Did you buy the 20070910 model?


----------



## vwaldoguy (Jun 11, 2015)

daRicksta, I did buy that 20070910 model, 30", no window.  Old school for me. Want to get into smoking, but didn't want to break my bank.  It's for just my wife and myself, so decided to go small.


----------



## daricksta (Jun 11, 2015)

vwaldoguy said:


> daRicksta, I did buy that 20070910 model, 30", no window.  Old school for me. Want to get into smoking, but didn't want to break my bank.  It's for just my wife and myself, so decided to go small.
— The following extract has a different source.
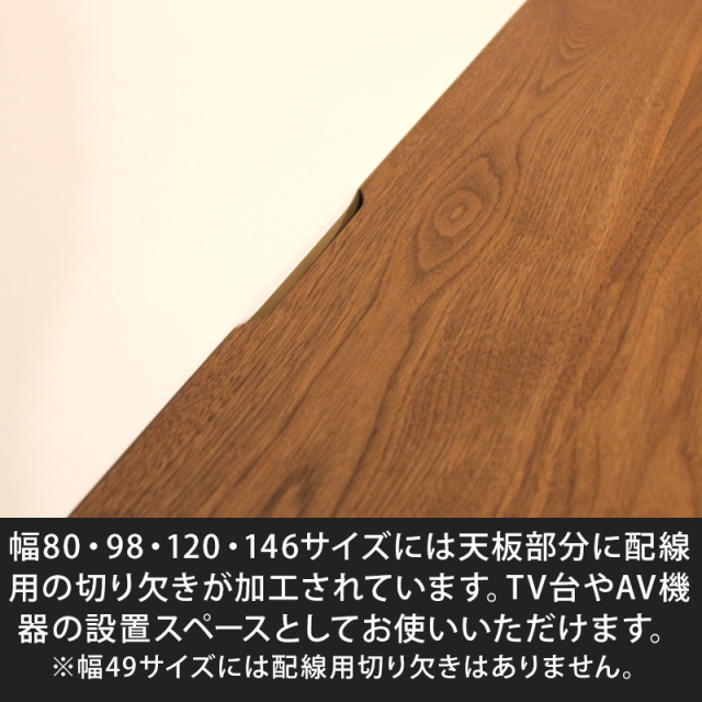 配線用切り欠き幅80・98・120・146サイズには天板部分に配線用の切り欠きが加工されています。

vwaldoguy, as I wrote elsewhere in this thread, that's the same smoker I have. What knocks me out every time is how such a small smoker can produce food that, to me, rivals the food put out by BBQ restaurants in town. We have a Dickey's BBQ Pit in town, I've had their baby back ribs, and I prefer what comes out of my MES. I just smoked a brisket a couple of weeks ago and I'm confident I won't find a better tasting BBQ brisket anywhere. My wife loved it.
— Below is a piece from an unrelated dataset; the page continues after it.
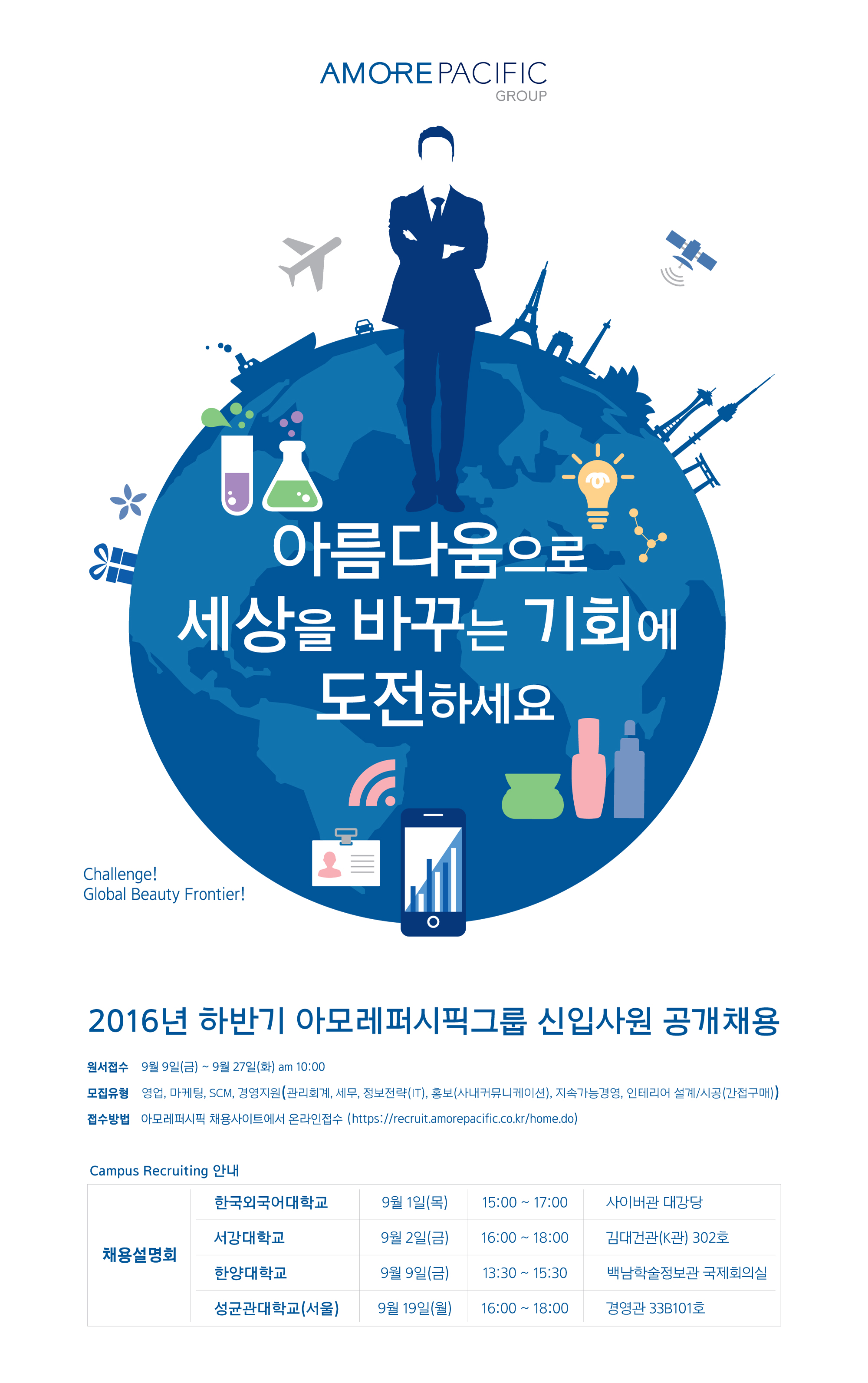 2016년 하반기 아모레퍼시픽 신입공채 모집합니다. 많은 관심 부탁 드립니다.

Like you, I bought the MES 30 because I didn't need a large smoker. There were only four of us in the home at the time and now, for most of the year, there's only two since my daughter is on her own and my son is going to college out of state. However, at times it would be nice to have a MES 40 for the additional cooking space when I'm smoking racks of ribs and a large brisket. But meat shrinks when it cooks so everything ends up being the perfect size for the 30-inch smoker.

What I also like about it is that it's easy to move around. I keep mine on a small hand truck held with bungee cords in my garage. I wheel it out into either my front or back yard, place it on a small table, and I'm ready to go. A MES 40 would be more difficult to move around.

I've made no mods or anything to it. The only change I've made is to use wood pellets instead of wood chips because it produces far better BBQ while making it much easier to smoke.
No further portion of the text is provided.